From a personal standpoint, I looked for any evidence that an attorney in Virginia, the jurisdiction in which I am barred, could be subject to professional discipline for violating its sodomy laws based on its supposed “moral turpitude.” In Virginia, sodomy, quite broadly defined to include oral and anal sex between two persons of either sex, is a felony. The Virginia State Bar Code of Professional Responsibility does mention adultery as a possible basis for a finding of “moral turpitude,” but is silent on the sodomy issue. I didn’t come across anything that suggested one could be disbarred for sodomy specifically, but it’s not a comforting thought to say the least.

In all fairness to the Virginia State Bar, this year they have asked the Supreme Court to approve changes to their Code of Professional Conduct that would “add a qualification to the prohibition against dishonesty, fraud, deceit, or misrepresentation so that the prohibition would only apply to such conduct that reflects adversely on the lawyer's honesty, trustworthiness or fitness to practice law.” (cite here) Which would seem to be a rule change aimed at eliminating the chances of Virginia’s ridiculous, draconian “crimes against nature” laws being the impetus for bar discipline.)

Now of course, it’s the political branches of government who write our laws. Obviously, it would be better if legislators could agree that these laws served no real purpose and got rid of them. All else being equal, you don’t really want to see a lot of what many call “judicial activism” for a variety of reasons.
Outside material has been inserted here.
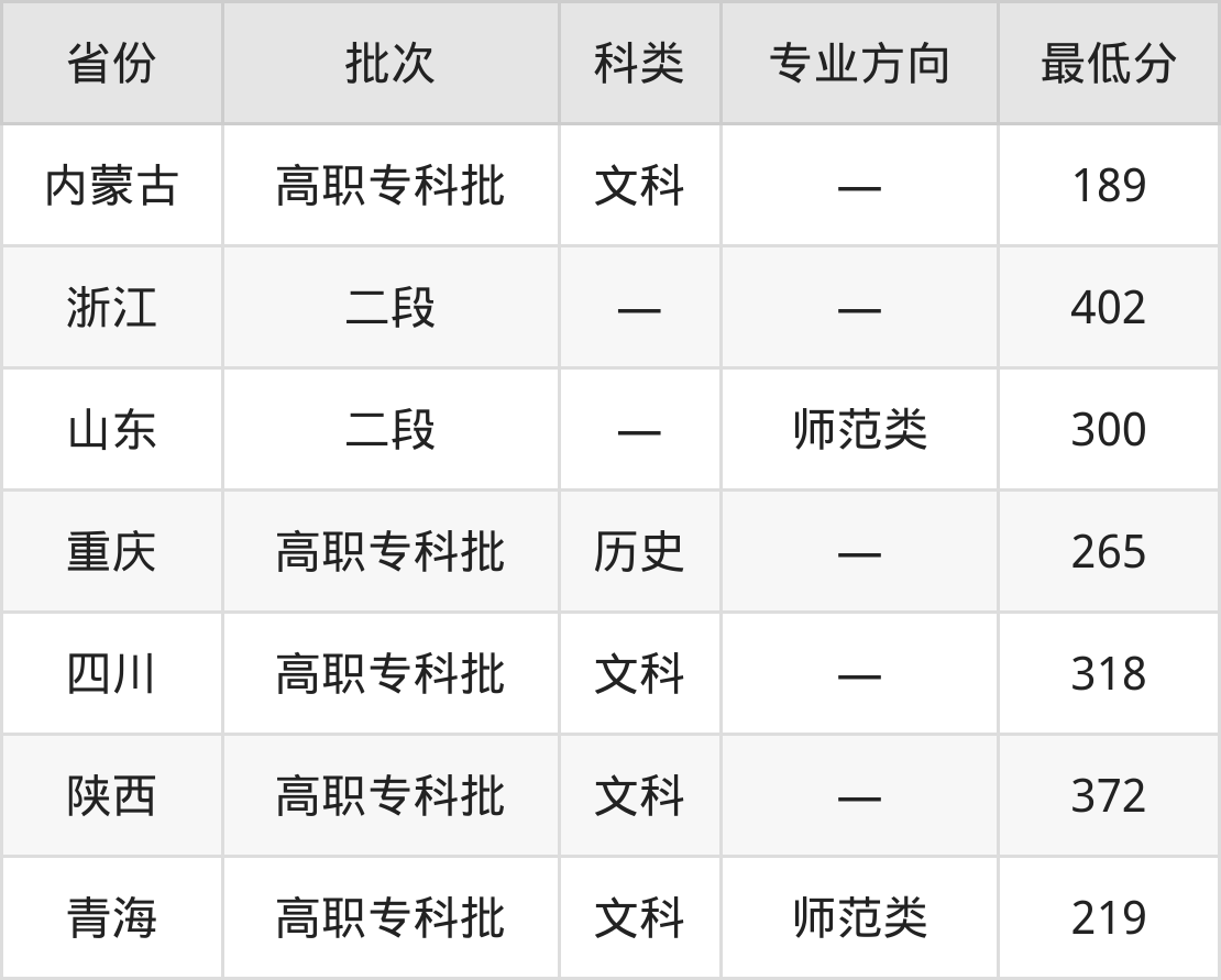 厦门华天涉外职业技术学院学前教育专业在全国各省最低录取分数线为189分(内蒙古文科),除此之外,在其余地区的最低分为浙江402分、山东300分、重庆历史类265分、四川文科318分等,以上数据均为2024年数据,供2025年高考生参考。

But what sort of change would a court that threw out these laws truly be effecting? In a sense, law enforcement has already made a decision about how useful these laws are. Not very, or else there’d be more resources spent on enforcing them and publicizing their existence. And there’s been no effort to enforce them, other than in the relatively narrow context of public spaces. (And, surely, laws specifically covering public sexual activities are far better and more narrowly tailored for regulating such conduct.)
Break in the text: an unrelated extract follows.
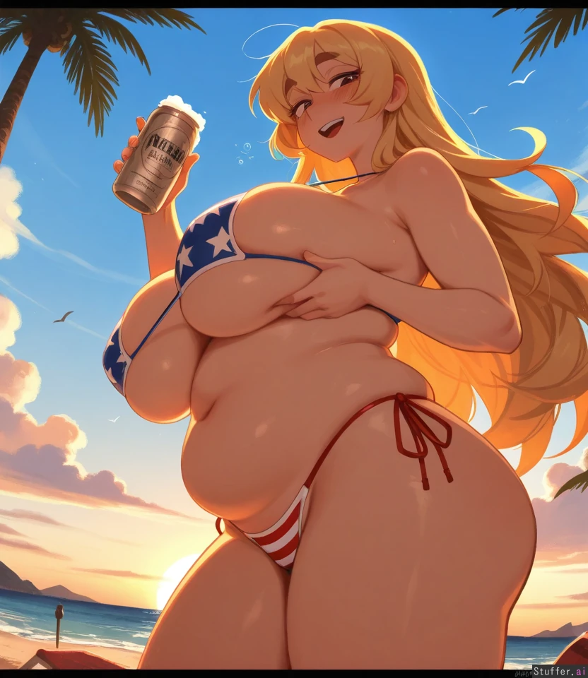 absurd res, 8k, perfect anatomy, masterpiece, beautiful face , beautiful eyes, khyle. , Noodlenood, (usa37107692:1),mdf_an , (vanripper:1), betterwithsalt , 1girl, solo, (tall female:1.3), blonde_hair , brown_eyes, american_flag_bikini, thick_eyebrows, baseball_cap, holding beer_can, drunk, low-angle_view , side-view, beach, weight gain, fat ass, grabbing_own_breast

Most state sodomy laws target both oral and anal sex, although colloquially the word “sodomy” is generally associated with anal sex. I can’t think of many people my age, of either gender and of any orientation, that have never engaged in an act of oral sex. I would also imagine that many of them, whether or not they are gay men, have tried anal intercourse at least once.

A cursory examination of Virginia’s laws governing sexual conduct definitely gives the lie to the popular tourist slogan “Virginia is for lovers.” Virginia is only for lovers who are heterosexual, married, and boring. Otherwise, they might get up to five years in prison. (No, that’s not a typo. Five years in prison.) They even make Texas look reasonable by comparison.

Perhaps recognizing the inherent silliness of making criminals out of, well, damn near everyone, Texas and three other states (Kansas, Missouri, and Oklahoma) only punish same-sex acts of sodomy.

Now, gay men and lesbians are not, either in the federal system or in any of the above states or indeed most other states, protected legal classes. However, is there any permissible rationale for limiting the right to perform oral sex on a man to women? Or vice versa?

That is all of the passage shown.